Osmosis - Or - Technique Is In The Genes
My good friend Joe Higham sent me the link to an interview with Charlie Parker that had been posted on YouTube. Most interesting because in general not having had much opportunity to listen to Bird in verbal exchanges rather than the musical variety. He comes across as being a highly intelligent and very articulate individual.
What really made me really sit up and listen was the assumption - on the part of the interviewer was that Bird had by some form of osmosis acquired an incredible technique without having to work at it. The assumption that some folk just have it their in their genes. Pick up the horn and out streams Donna Lee - no problem.
It was a fairly common assumption at that time that some musicians - usually non-white musicians- really did not have to spend time in the woodshed. Parker was quick to disillusion him mentioning deep study and fifteen hours a day practice sessions. But from the tone of the interviewer's voice you could perceive he was most surprised and perhaps still had some doubts as to the veracity of this concept.

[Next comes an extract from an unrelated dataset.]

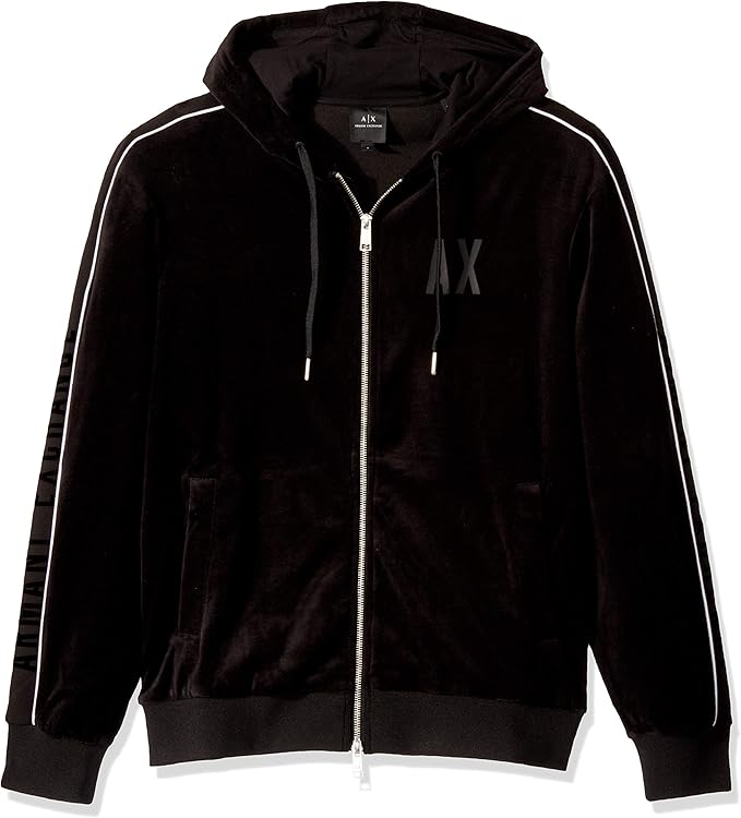 AX Armani Exchange Men's Velour Zip Up Hoodie Sweater, Black, XXL at

Today perhaps vis-à-vis jazz such attitudes are long defunct. But at the time and for some considerable time after such - may I say racist assumptions - were all to common. I will even confess to being something of a victim to such attitudes when I started to interest myself in jazz in my teens. I am sure that many aspiring jazz musicians never really developed to their full potential assuming that instrumental fluency would in some way descend from the clouds. Or even worse that striving to acquire technique somehow sullied the purity of the genre. From memory, I remember reading in Hugues Panassié's Dictionary of Jazz that Parker played acceptable jazz until around nineteen thirty seven at which point displayed instrumental dexterity that was quite out of keeping with what Hugues Panassié considered to be real jazz.
I was recently reading an essay by Alan Bennett where he was discussing the fact that people like to assume - indeed such assumptions are encouraged - that many notable artists somehow just had it and their subsequent eminence was reached - with talent perhaps - but without study or hard work. In fact academic studies have looked at this phenomena in some depth and confirmed such assumptions are widely held.
Why do people hold such cling to such opinions ? It is a course the whole basis of celebrity and the promotion of spurious minute talent. I could do that to if I wanted to. I will do in front of some imperceptive and hooting audience. Talent who needs it. Sweat, study, and achievement. Who needs it.
I am very saddened to observe that the racist - in the genes - school is still around. I have recently been watching truly wonderful young Chinese and Japanese classical musicians on YouTube. Some of the published comments are shameful: Asian of course that is why they are so accomplished - and so on and so on...
To return to Charlie Parker. You can judge from the tone of his response that he was more than a little disturbed to hear the implication that some how his consummate skills had just dropped out of the sky.
Like the man said - I forget who - genius is twenty percent talent and eighty percent sweat - BIrd knew that even if the interviewer was in blissful ignorance.